**WHAT YOU HAVE TO DO**
Reproduce the whole listing below without its pictures, exactly as written.

**INPUT DATA**
****************

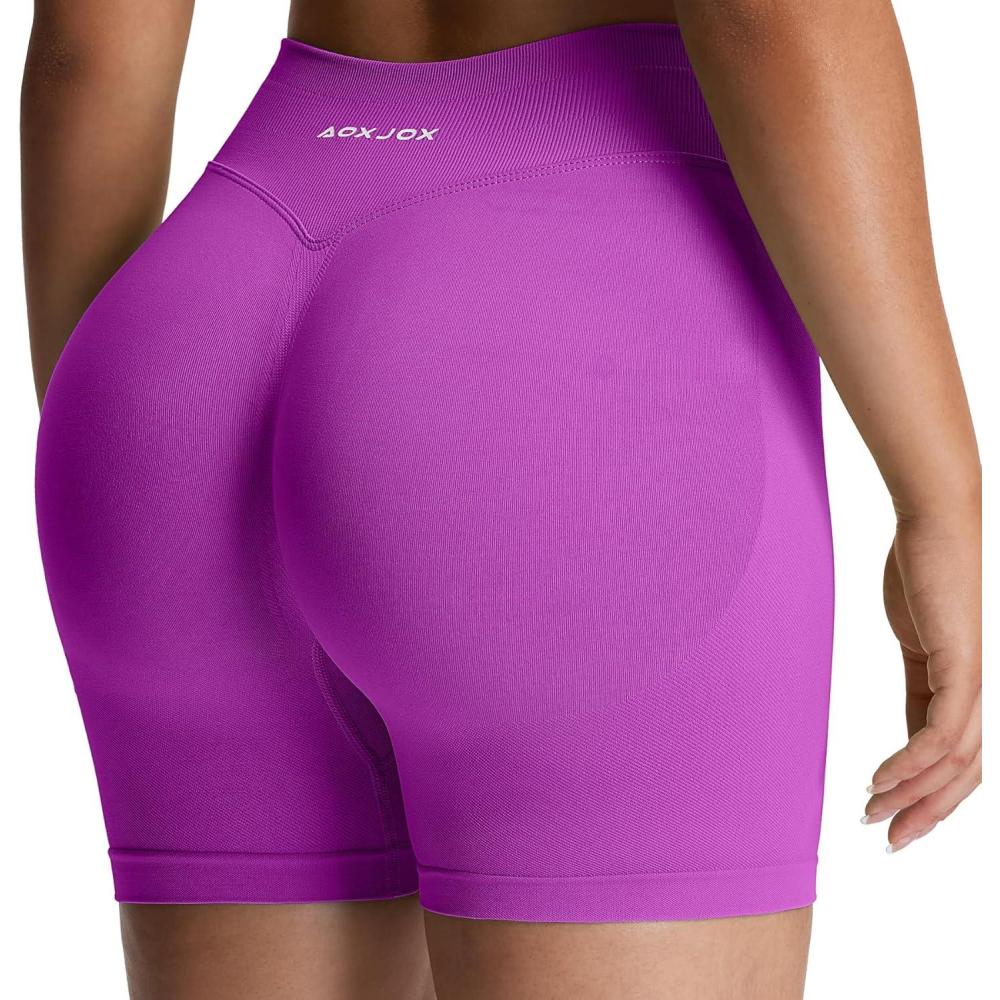 Aoxjox Seamless Biker Shorts for Women Impact Hidden Scrunch Low Waisted Athletic Yoga Short 3.5″/4.5″/5″/6″(Real Purple)
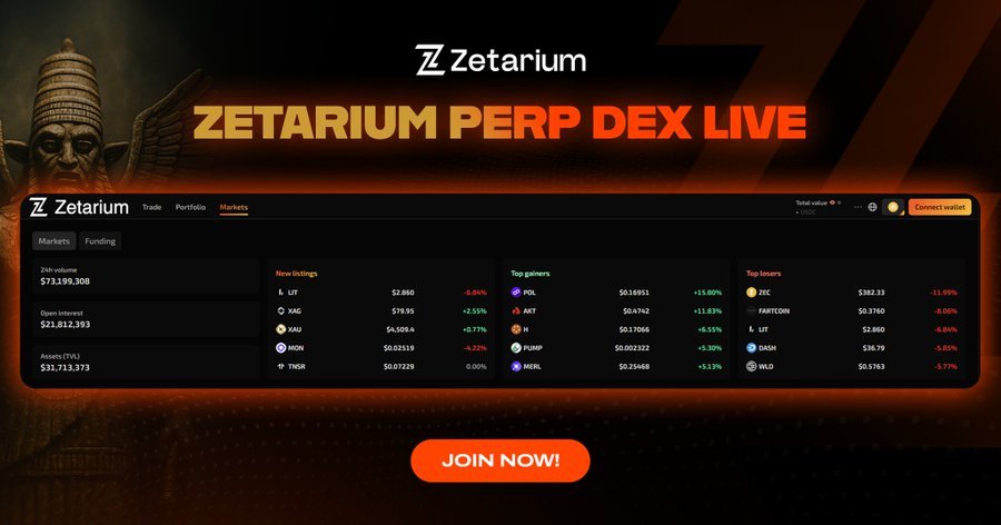 The Zetarium PERP DEX launch marks a more meaningful upgrade than earlier staking focused updates, shifting the project toward an active trading product with no KYC access and shared liquidity from Orderly Network. Early traction suggests stronger real usage compared with previous incentive led launches.
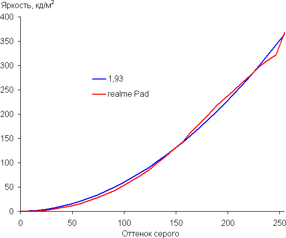 Контрастность (примерно в центре экрана) высокая — порядка 1450:1. Время отклика при переходе черный-белый-черный равно 21 мс (10 мс вкл. + 11 мс выкл.). Переход между полутонами серого 25% и 75% (по численному значению цвета) и обратно в сумме занимает 34 мс. Построенная по 32 точкам с равным интервалом по численному значению оттенка серого гамма-кривая не выявила завала ни в светах, ни в тенях. Показатель аппроксимирующей степенной функции равен 1,93, что ниже стандартного значения 2,2. При этом реальная гамма-кривая существенно отклоняется от степенной зависимости:

****************

**OUTPUT OF THE TASK**
 Aoxjox Seamless Biker Shorts for Women Impact Hidden Scrunch Low Waisted Athletic Yoga Short 3.5″/4.5″/5″/6″(Real Purple)
 The Zetarium PERP DEX launch marks a more meaningful upgrade than earlier staking focused updates, shifting the project toward an active trading product with no KYC access and shared liquidity from Orderly Network. Early traction suggests stronger real usage compared with previous incentive led launches.
 Контрастность (примерно в центре экрана) высокая — порядка 1450:1. Время отклика при переходе черный-белый-черный равно 21 мс (10 мс вкл. + 11 мс выкл.). Переход между полутонами серого 25% и 75% (по численному значению цвета) и обратно в сумме занимает 34 мс. Построенная по 32 точкам с равным интервалом по численному значению оттенка серого гамма-кривая не выявила завала ни в светах, ни в тенях. Показатель аппроксимирующей степенной функции равен 1,93, что ниже стандартного значения 2,2. При этом реальная гамма-кривая существенно отклоняется от степенной зависимости:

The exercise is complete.